$24
The learning objectives for this assignment are to learn ways to
(i) Detect social “influencers” using network analytics
(ii) Quantify the financial value of influence
(iii) Identify and leverage influencers
The assignment has two parts: I and II. In Part I, you will use training data on social influence to build a model predicting influencers, to find out the important predictors of influence, and to quantify the financial value of influence. In Part II, you will collect tweets, and use the predictors from Part I to identify 20 top influencers in a domain of your choice.
Part I: Find predictors of influence
The dataset for Part I can be found at http://www.kaggle.com/c/predict-who-is-more-influential-in-a-social-network
Use the training dataset only to build and validate your model. Each observation in the dataset describes two individuals, A and B. There are 11 variables for each person based on Twitter activity, e.g., number of followers, retweets, network characteristics, etc. Each observation shows whether A > B (Choice = “1”) or B > A (Choice = “0”).
Using the training data set (train.csv), create an analytic model for pairs of individuals to classify who is more influential
◦ Check if you should use all variables
◦ A transformation of the variables (like A/B or A-B) may be better than using A and B variables separately, and may also be easier to interpret.
◦ Normalize all data so that all values are between 0 and 1
◦ Report the confusion matrix of your “best” model (provide screenshot)
From your model, which factors are best predictors of influence? You can use a logistic regression for this part and provide screenshots. How can a business use your model/results?
Calculate the financial value of your model
A retailer wants influencers to tweet its promotion for a product. If a non-influencer tweets, there is no benefit to the retailer. If an influencer tweets once, there is a 0.01% chance that his/her followers will buy one unit of a product. Assume the retailer has a profit margin of $10 per unit, and that one customer can buy only one unit. If an influencer tweets twice, the overall buying probability will be 0.015%. Without analytics, the retailer offers $5 to each person (A and B) to tweet once. With analytics, the retailer offers $10 to those identified as influencers by the model to send two tweets each. If the model classifies an individual as a non-influencer, s/he is not selected/paid by the retailer to tweet.
What is the lift in expected net profit from using your analytic model (versus not using analytics)? Show all calculations. What is the lift in net profit from using a perfect analytic model (versus not using analytics)?
Assumption: Each user appears only once in the data
A
B
Choice (A>B?)
John
Ted
Yes
Sue
Ron
Yes
Fred
Sandy
No (Sandy > Fred)
Alex
Moe
No (Mo > Alex)
The Influencers in the above table are John, Sue, Sandy & Moe, but no ordered ranking is possible (or needed in this case).

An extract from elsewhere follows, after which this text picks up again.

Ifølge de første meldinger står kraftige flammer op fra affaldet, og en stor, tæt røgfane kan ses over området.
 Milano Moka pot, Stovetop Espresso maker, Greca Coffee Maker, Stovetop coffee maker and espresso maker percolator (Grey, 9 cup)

Part II: Finding influencers from Twitter
Collect about 5000 tweets on any topic (e.g., climate change, Russia-Ukraine war, etc., please check popular hashtags for the phenomenon you are studying).
In addition to the tweet itself, the Twitter API provides a large quantity of information about the tweet as well as the author. Some of these may correspond to the factors you found to be important in Part I (note that not all variables may be found through the Twitter API, which is fine). Fetch all of this additional information along with the tweets.

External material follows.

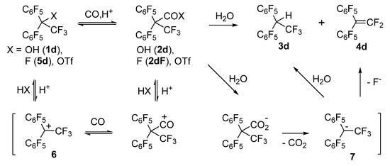 3.3. Carbonylation of Bis(pentafluorophenyl)methanol (1b)

Write a script in Python (or R) that parses through the tweets and does the following: For each tweet:
Any retweet (RT), mention or reply should result in an arrow from the person retweeting to the person retweeted, mentioned or replied to. However, you don’t need to draw the actual arrows and the network. Instead, create a three-column .CSV file as follows: If @XYZ retweets a tweet by @ABC, then put the following in the .CSV file:
Column 1 Column 2 Column 3 (type of content)
@ABC @ABC Tweet (self-loop)
@XYZ @ABC RT
Most social network analysis tools (e.g., NodeXL, Gephi or UCINet) will take the first two columns and draw arrows from the user in the left column to the one in the right – You can also use Networkx in Python to draw networks. Note that in most cases the set of tweets you may fetch will not have the original tweet that is being retweeted by someone else. E.g., a tweet in your data (tweeted by, say, @XYZ) may be: “RT @ABC Working on my social media assignment.”
It is quite possible that you will not have the original tweet by @ABC in your data. Still an arrow should go from @XYZ to @ABC. Therefore, even if you have fetched 5000 tweets by 5000 unique users, your network may consist of a much larger set of users.
Calculate the degree, betweenness and closeness of each node in the above network.
Using the results from Part I, create a list of top 20 influencers from the tweets. Here is one way to do it.
You can use the coefficients from the model in Part I as weights for the variables in creating an influence score for each user. You should normalize your data before creating the overall scores. Note that the Kaggle data doesn’t show what each network characteristic means. However, generally such metrics are presented in the following sequence: Degree, betweenness and closeness. Also, as I have already stated, not all factors found to be important from the first part may be available in the data you collect from Twitter.
Submit a Python notebook containing the code, results and answers. If you used the Twitter utility in R, just mention so in the answer document. No data files should be submitted.